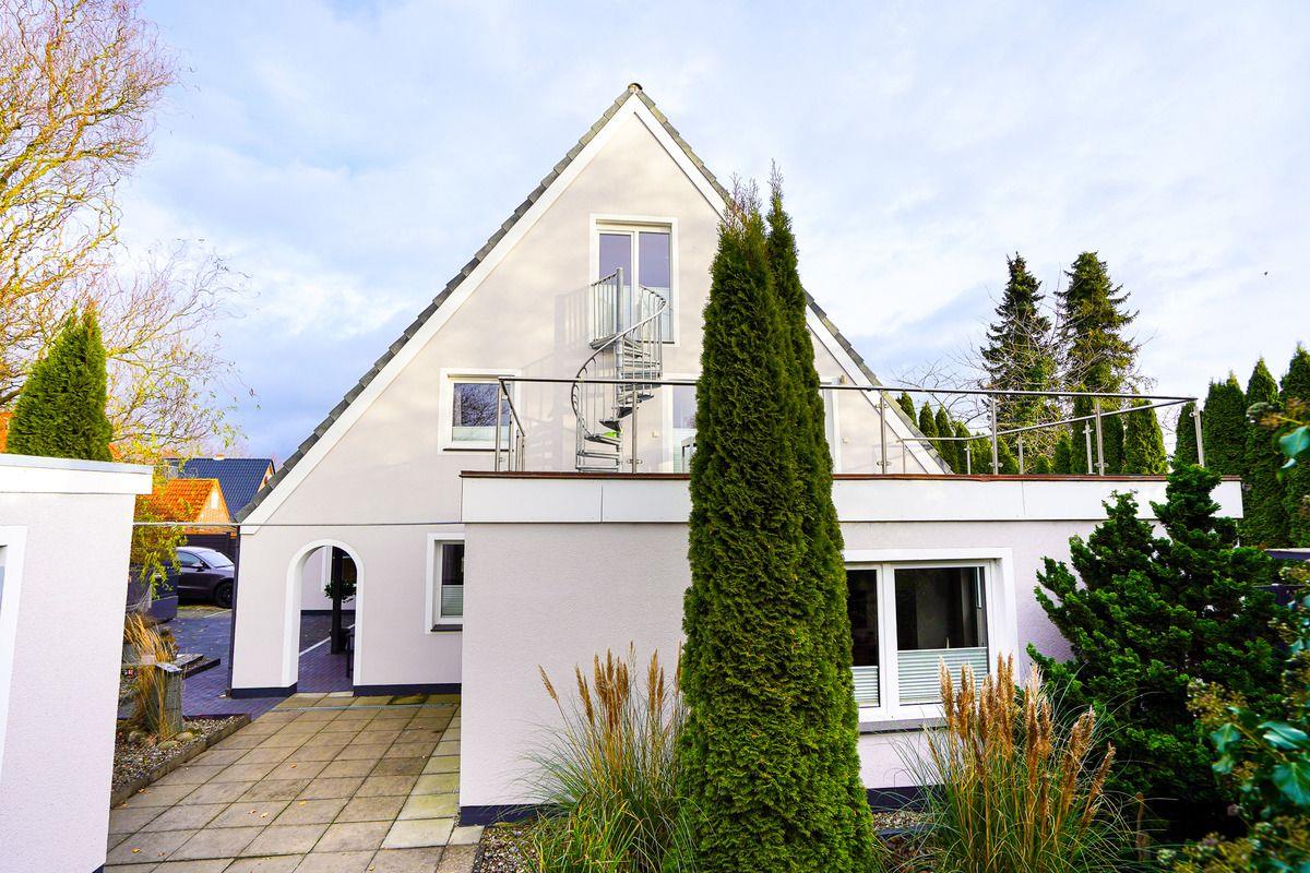 Die Ferienwohnung im 1. OG bietet ein Schlafzimmer mit großem Boxspringbett und ein Wohnzimmer mit Pantryküche. Zur Ausstattung gehören Herd, Geschirrspüler, Kühlschrank, Mikrowelle und eine moderne Echtglasdusche im Bad. Entspannen Sie in der hauseigenen Wellnesslounge mit Sauna und Outdoor-Whirlpool oder auf der Dachterrasse mit eigenem Strandkorb. Kostenloses W-LAN ist verfügbar, und im "Waschhaus" stehen Waschmaschine, Trockner bereit. Nichtraucher-Unterkunft, Haustiere erlaubt.
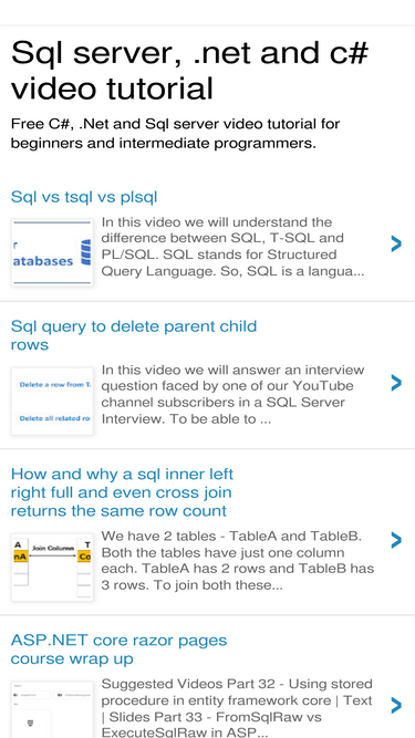 96%Free C#, .NET and SQL Server Video Tutorials for beginners and intermediate programmers.
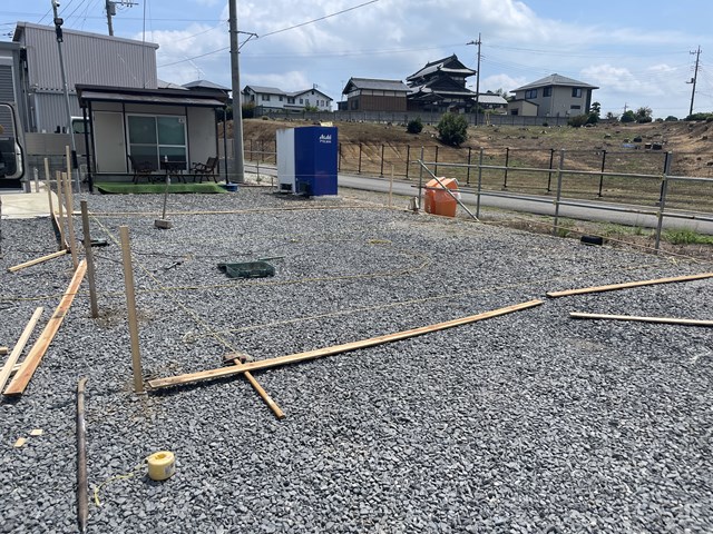 外構Tさん、木杭打つのにマジでバタ夫、、、
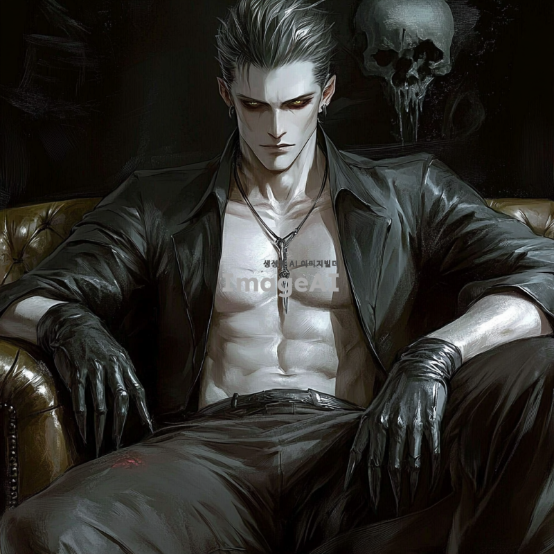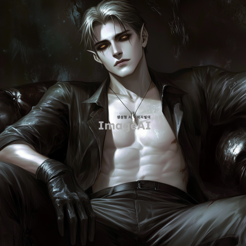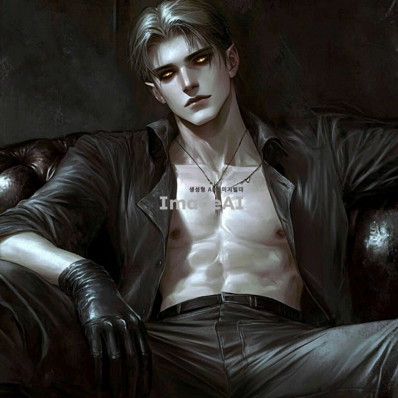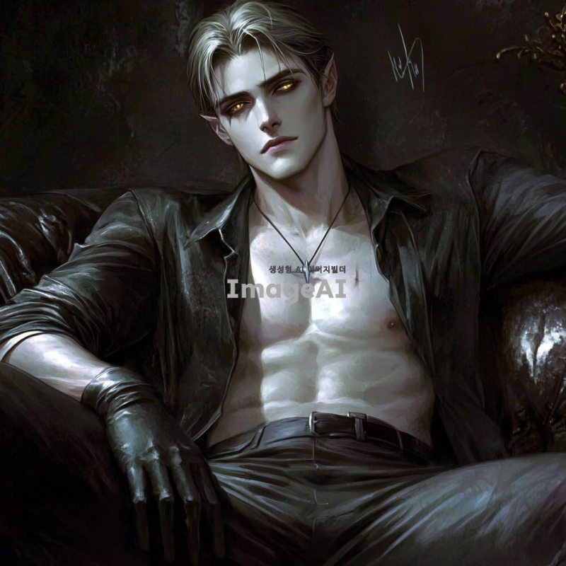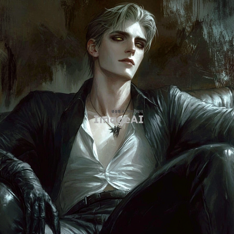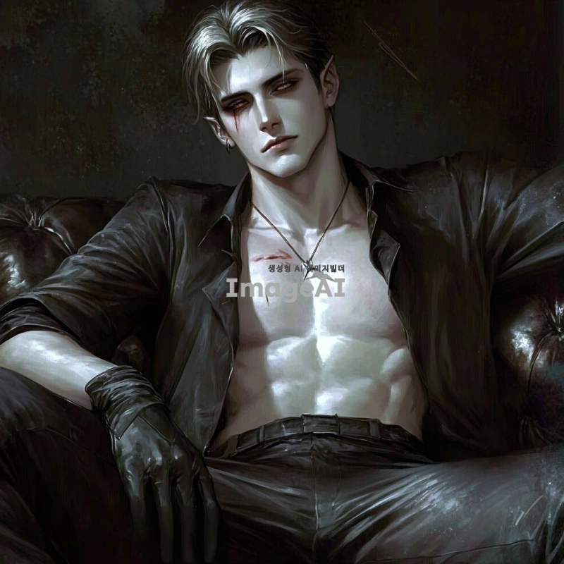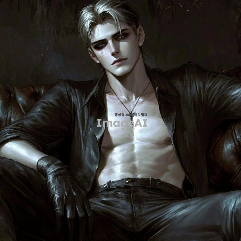 매우 잘생긴 남자, 날카로운 특징, 차가운 표정, 금발 머리, 애니메이션 아트와 비주얼 노벨 캐릭터 디자인 스타일, 창백한 피부색, 넓은 어깨와 좁은 허리를 가진 근육질의 몸이 가죽 소파에 앉아 있으며, 풀린 셔츠와 손에 장갑을 끼고 있다. 뱀파이어 느낌, 어두운 배경, 클로즈업 초상화, 판타지, 애니메이션 스타일, 어두운 회색 색조, 게임 커버를 위한 그림, 전체 길이, 애니메이션 스타일, 전체 몸 포즈, 애니메이션 리얼리즘, 애니메이션 아트, 아트스테이션 트렌딩, 디지털 일러스트레이션, 높은 디테일, 날카로운 초점, 일러스트레이션, 판타지 아트, 어두운 분위기, 만화 아트스타일, 애니메이션 아트, 판타지 아트.
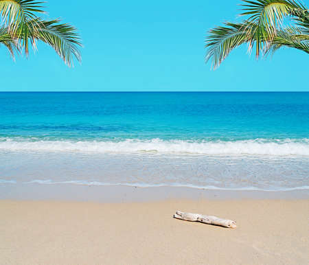Tropical summer sand beach on sea sky background, copy space.
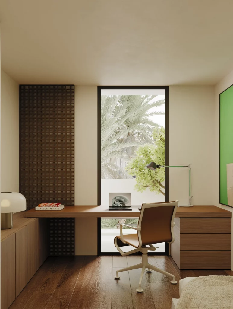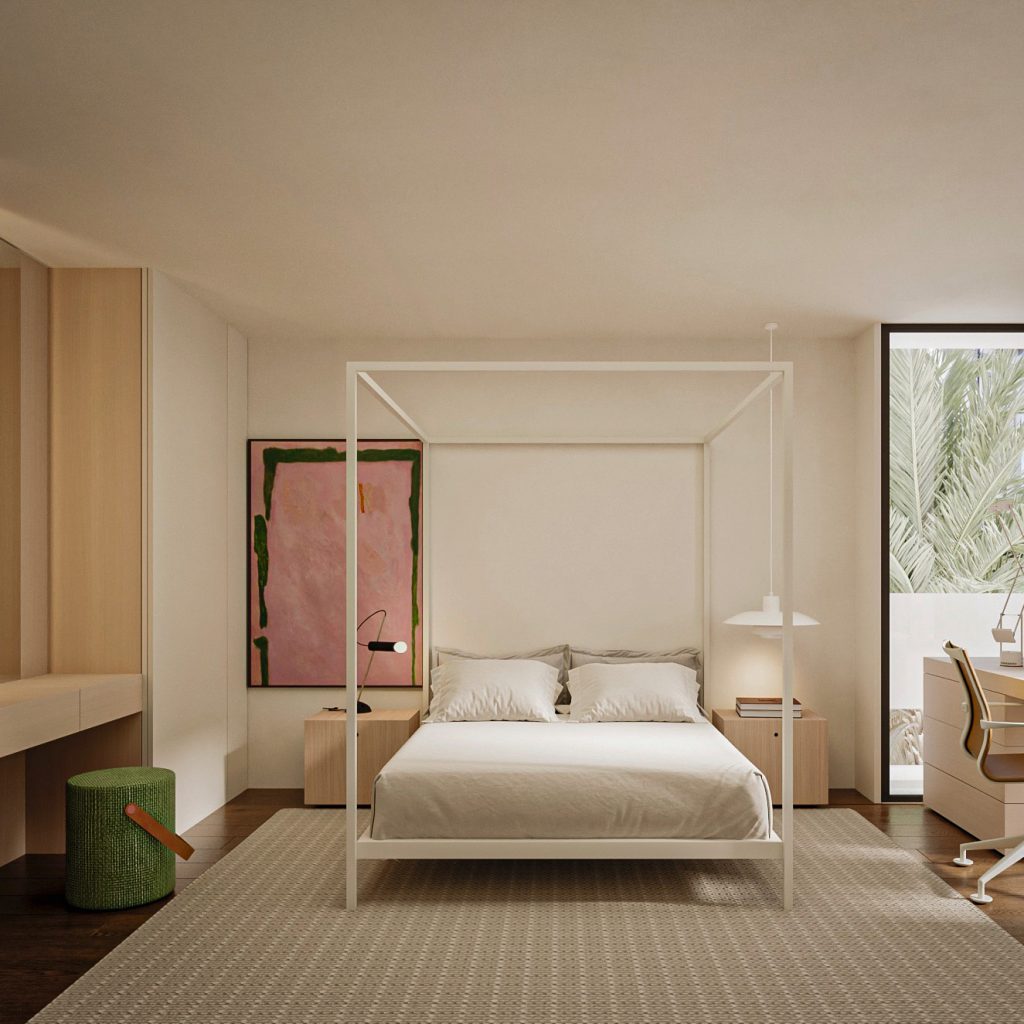con una zona de estudio integrada. Y al otro lado de la vivienda, un dormitorio de invitados y un despacho completan el programa, aportando versatilidad y carácter.
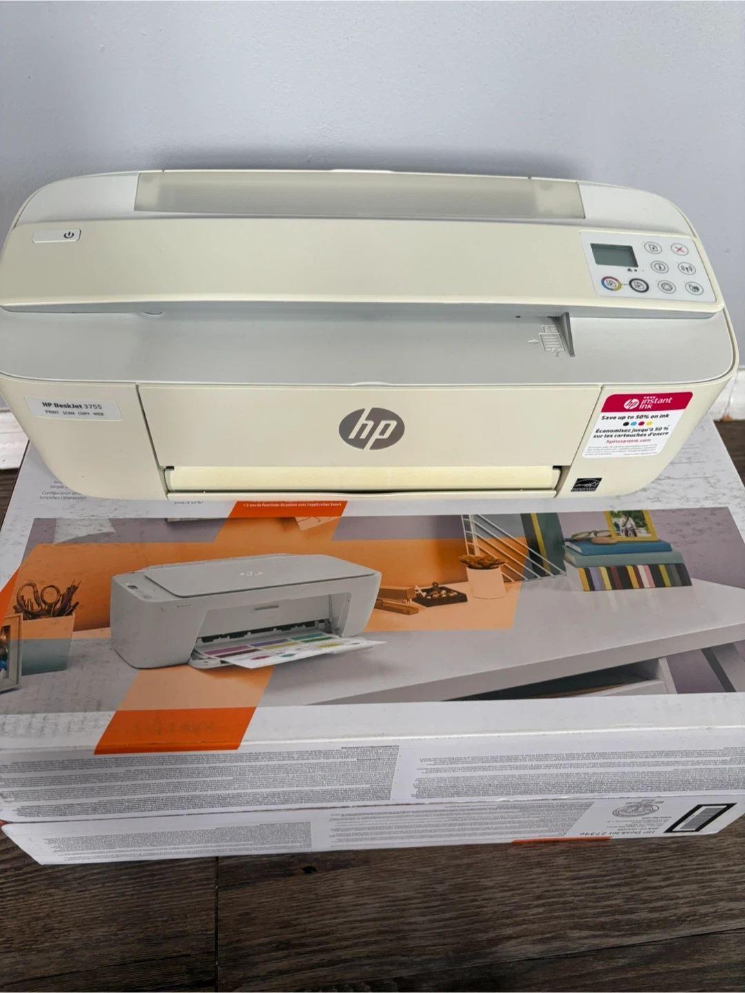 Selling a used HP DeskJet 3755 All-in-One Printer. It can print, scan, and copy. It is in good working condition and comes with the original box.
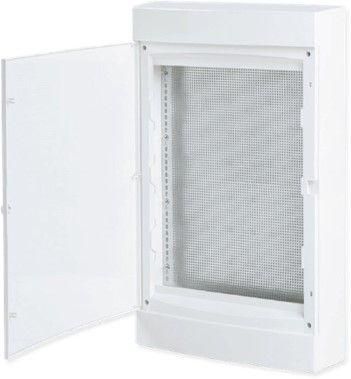 Щит слаботочный навесной прозрачная дверь 4 габарит увеличенный IP41 используется для монтажа слаботочного оборудования: сетевых коммутаторов, Wi-Fi точек доступа, видеорегистраторов, систем домашней автоматизации, телефонных шкафов и аналогичных устройств. Подходит для установки в жилых домах, офисах, учебных заведениях, малых предприятиях. Каждый ряд рассчитан на 18 модулей, всего - до 72 модулей. Увеличенный габарит позволяет разместить крупные устройства, которые не помещаются в стандартных щитах.
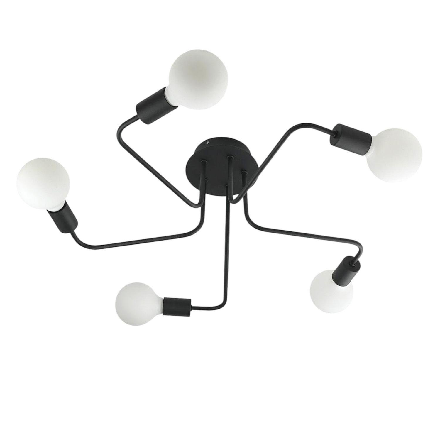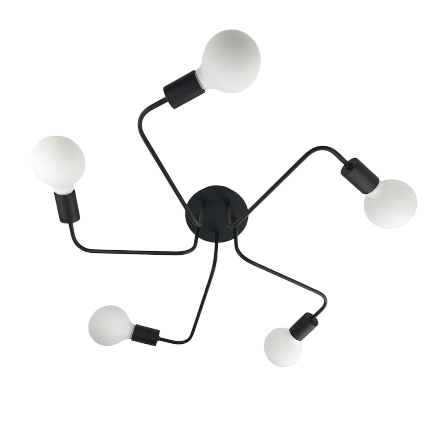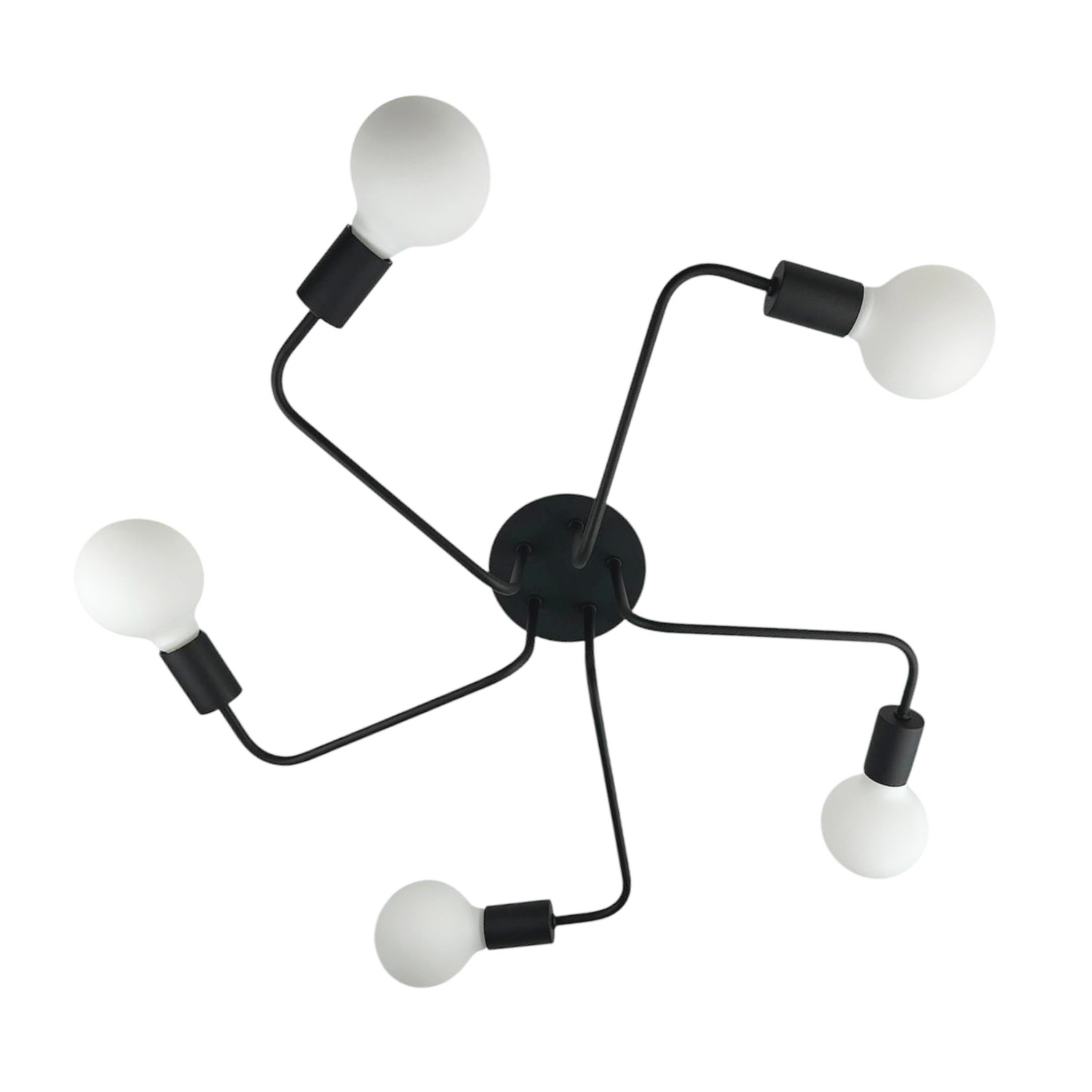 Современная и лаконичная люстра на 5 ламп – стильное решение для интерьера в стиле лофт, индастриал или минимализм. Черное металлическое основание с 5 плавно изогнутыми «лапами» заканчивается открытыми патронами под лампы с цоколем E27. Благодаря открытому дизайну свет распределяется максимально эффективно, создавая яркую, функциональную атмосферу.

**Your task:**
Without any picture, return exactly the lines of the records above from the first through the line that contains "Selling a used".

**Task answer:**
 Die Ferienwohnung im 1. OG bietet ein Schlafzimmer mit großem Boxspringbett und ein Wohnzimmer mit Pantryküche. Zur Ausstattung gehören Herd, Geschirrspüler, Kühlschrank, Mikrowelle und eine moderne Echtglasdusche im Bad. Entspannen Sie in der hauseigenen Wellnesslounge mit Sauna und Outdoor-Whirlpool oder auf der Dachterrasse mit eigenem Strandkorb. Kostenloses W-LAN ist verfügbar, und im "Waschhaus" stehen Waschmaschine, Trockner bereit. Nichtraucher-Unterkunft, Haustiere erlaubt.
 96%Free C#, .NET and SQL Server Video Tutorials for beginners and intermediate programmers.
 外構Tさん、木杭打つのにマジでバタ夫、、、
 매우 잘생긴 남자, 날카로운 특징, 차가운 표정, 금발 머리, 애니메이션 아트와 비주얼 노벨 캐릭터 디자인 스타일, 창백한 피부색, 넓은 어깨와 좁은 허리를 가진 근육질의 몸이 가죽 소파에 앉아 있으며, 풀린 셔츠와 손에 장갑을 끼고 있다. 뱀파이어 느낌, 어두운 배경, 클로즈업 초상화, 판타지, 애니메이션 스타일, 어두운 회색 색조, 게임 커버를 위한 그림, 전체 길이, 애니메이션 스타일, 전체 몸 포즈, 애니메이션 리얼리즘, 애니메이션 아트, 아트스테이션 트렌딩, 디지털 일러스트레이션, 높은 디테일, 날카로운 초점, 일러스트레이션, 판타지 아트, 어두운 분위기, 만화 아트스타일, 애니메이션 아트, 판타지 아트.
Tropical summer sand beach on sea sky background, copy space.
con una zona de estudio integrada. Y al otro lado de la vivienda, un dormitorio de invitados y un despacho completan el programa, aportando versatilidad y carácter.
 Selling a used HP DeskJet 3755 All-in-One Printer. It can print, scan, and copy. It is in good working condition and comes with the original box.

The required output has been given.